Russell Martin handles the catching duties for the Dodgers. Born in East York, Ontario, he resides in Chelsea, Quebec in the off-season. Although only 25 years old, he has had a remarkable career thus far with the Dodgers. He has been an All Star the past two seasons, and won the Gold Glove Award as well as the Silver Slugger Award last year. Only two other catchers have accomplished this feat: Gary Carter and Benito Santiago. He also won the Roy Campanella award, voted on by his teammates as the “Most Inspirational Dodger”.

Martin’s father also played for the Dodgers. An accomplished saxophone player, Russell Sr. played the anthem before the Dodgers game against the Pirates in 2006.

The Red Sox boast another All Star Canadian in Jason Bay. The Sox grabbed Bay in their complicated trade which landed Manny Ramirez in Dodgertown West. Bay has been patrolling left field for the Bosox, and instantly endeared himself to the Beantown faithful. He simply does everything well. His powerful stroke has resulted in several critical wins for the Red Sox.
The Rays from Tampa Bay have truly captured the hearts of many baseball fans this year. A remarkable Cinderella story, they have emerged as a very serious contender for the World Series title. They are led by a cast of young and hungry players, managed by the remarkable Joe Maddon.

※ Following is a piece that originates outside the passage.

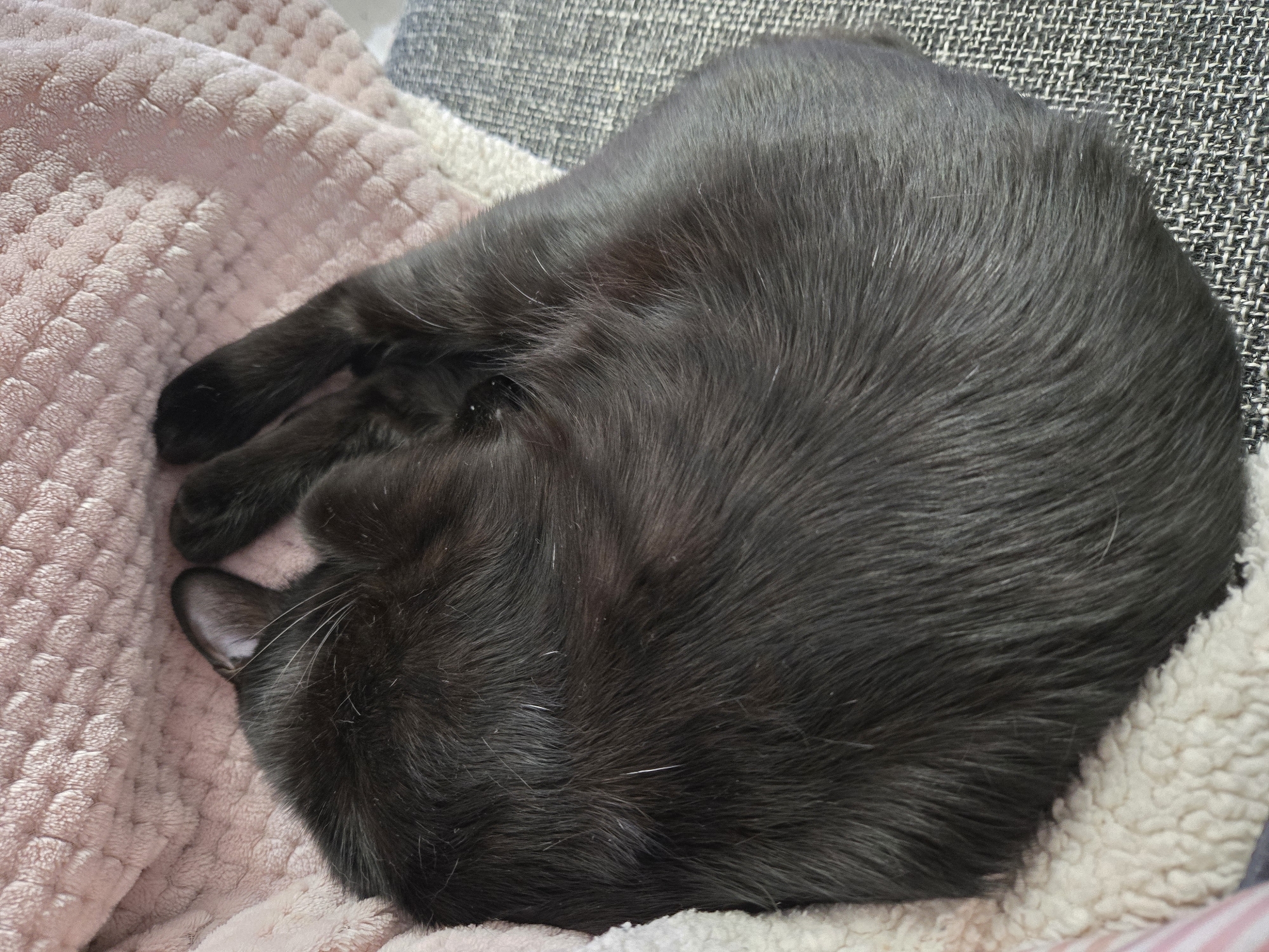 - "A black cat is depicted sleeping in a tightly curled position on soft bedding within a location specified as Sofia, Bulgaria" by FM-XO3Yw1, licensed under CC BY 4.0

Maddon took over the Rays two years ago, amassing a record of 127 wins and 197 losses. The team finished fifth both years. They broke camp last spring with high expectations, as have all teams. But the Rays, hit, ran, fielded, and executed better than all the other teams in their division to end the season at the top of the heap.

The Philadelphia Phillies are also ready to take a shot at the crown. Their General Manager knows a thing or two about winning. He has also experienced one or two crisp Canadian winters. Pat Gillick has been a General Manager in the Major Leagues since 1978, when he began with the Toronto Blue Jays. He remained with the Jays until 1994, after they had won the Back to Back World Series Championships in ’92 and ’93.

Gillick spent a little time in Baltimore and Seattle before joining the Phillies in 2006. He has been in baseball for 51 years, starting in 1958 as a left-handed pitcher in the Orioles organization. He pitched at the University of Southern California that year, and won the NCAA College World Series before joining the Edmonton squad of the Western Canada League.

They is still a ray of hope for the White Sox and the Angels, at press time. A faint hope, to be sure.

But until that last out is made, anything can happen. And probably will.

Peanut shells may be placed at your feet, at the ball park. Not in my living room, thank you.